Work required ▸ Please repeat exactly the lines below from the line with "兵庫県神戸市の北野異人館エリ" to the line with "of our lives.’", including both, and leave out every picture.

Information shown ▸
────────

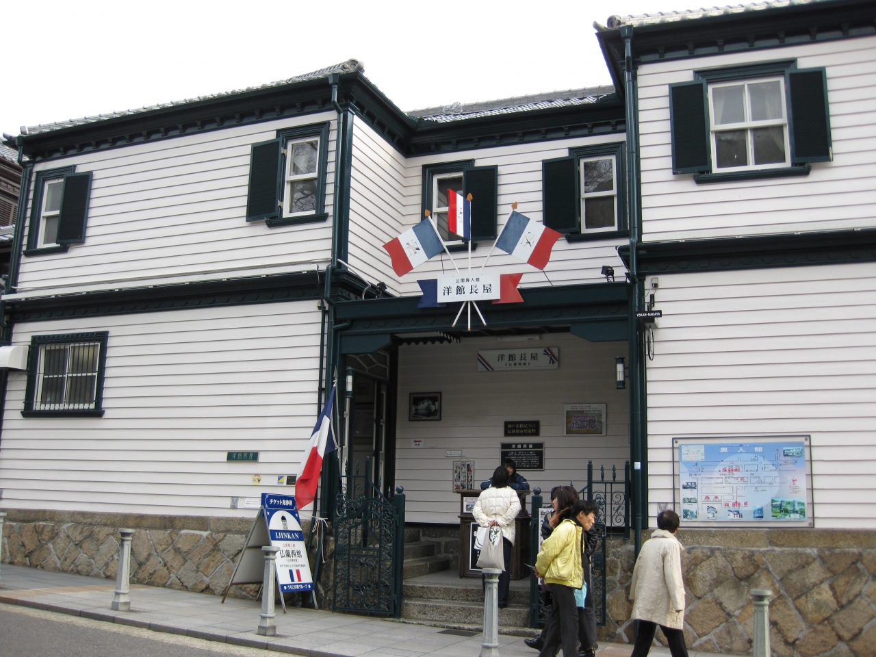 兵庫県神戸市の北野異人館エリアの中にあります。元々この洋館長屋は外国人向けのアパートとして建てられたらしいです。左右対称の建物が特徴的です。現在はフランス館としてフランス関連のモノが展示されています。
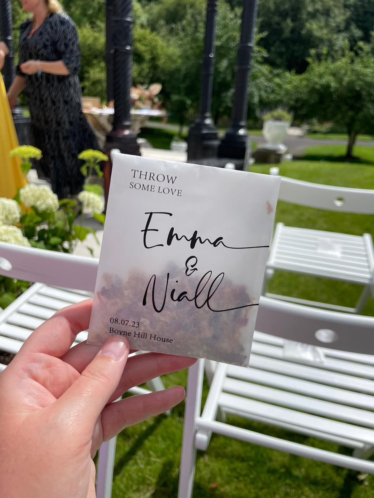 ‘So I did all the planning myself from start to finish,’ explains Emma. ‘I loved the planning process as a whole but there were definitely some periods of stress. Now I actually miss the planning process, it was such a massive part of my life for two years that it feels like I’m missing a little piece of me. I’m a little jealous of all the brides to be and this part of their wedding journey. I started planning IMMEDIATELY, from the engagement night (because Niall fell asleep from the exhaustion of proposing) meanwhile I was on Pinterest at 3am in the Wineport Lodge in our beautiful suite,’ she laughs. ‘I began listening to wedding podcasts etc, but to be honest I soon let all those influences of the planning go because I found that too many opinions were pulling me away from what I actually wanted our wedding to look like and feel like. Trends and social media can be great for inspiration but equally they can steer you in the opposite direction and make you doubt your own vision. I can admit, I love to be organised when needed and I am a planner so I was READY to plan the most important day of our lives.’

────────

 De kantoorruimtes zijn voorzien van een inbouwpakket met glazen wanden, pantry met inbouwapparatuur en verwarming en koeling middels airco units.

────────

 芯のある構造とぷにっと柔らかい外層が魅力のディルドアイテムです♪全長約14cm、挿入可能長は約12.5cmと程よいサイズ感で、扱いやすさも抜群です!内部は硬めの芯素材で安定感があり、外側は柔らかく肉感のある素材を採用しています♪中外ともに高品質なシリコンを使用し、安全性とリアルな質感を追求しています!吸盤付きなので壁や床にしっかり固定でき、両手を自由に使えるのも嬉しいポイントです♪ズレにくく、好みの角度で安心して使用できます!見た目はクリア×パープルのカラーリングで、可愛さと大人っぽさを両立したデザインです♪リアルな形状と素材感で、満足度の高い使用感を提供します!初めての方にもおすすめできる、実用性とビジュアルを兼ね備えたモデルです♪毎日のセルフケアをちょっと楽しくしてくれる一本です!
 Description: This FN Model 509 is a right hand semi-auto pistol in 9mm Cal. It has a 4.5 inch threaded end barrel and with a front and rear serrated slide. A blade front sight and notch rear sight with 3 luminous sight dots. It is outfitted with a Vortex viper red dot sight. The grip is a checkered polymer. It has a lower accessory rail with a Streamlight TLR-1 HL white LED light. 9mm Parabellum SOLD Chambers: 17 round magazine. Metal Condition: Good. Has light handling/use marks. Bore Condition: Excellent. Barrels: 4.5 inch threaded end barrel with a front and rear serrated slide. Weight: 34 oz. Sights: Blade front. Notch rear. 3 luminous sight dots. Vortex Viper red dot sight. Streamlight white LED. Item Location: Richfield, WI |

────────

Answer to this problem ▸
 兵庫県神戸市の北野異人館エリアの中にあります。元々この洋館長屋は外国人向けのアパートとして建てられたらしいです。左右対称の建物が特徴的です。現在はフランス館としてフランス関連のモノが展示されています。
 ‘So I did all the planning myself from start to finish,’ explains Emma. ‘I loved the planning process as a whole but there were definitely some periods of stress. Now I actually miss the planning process, it was such a massive part of my life for two years that it feels like I’m missing a little piece of me. I’m a little jealous of all the brides to be and this part of their wedding journey. I started planning IMMEDIATELY, from the engagement night (because Niall fell asleep from the exhaustion of proposing) meanwhile I was on Pinterest at 3am in the Wineport Lodge in our beautiful suite,’ she laughs. ‘I began listening to wedding podcasts etc, but to be honest I soon let all those influences of the planning go because I found that too many opinions were pulling me away from what I actually wanted our wedding to look like and feel like. Trends and social media can be great for inspiration but equally they can steer you in the opposite direction and make you doubt your own vision. I can admit, I love to be organised when needed and I am a planner so I was READY to plan the most important day of our lives.’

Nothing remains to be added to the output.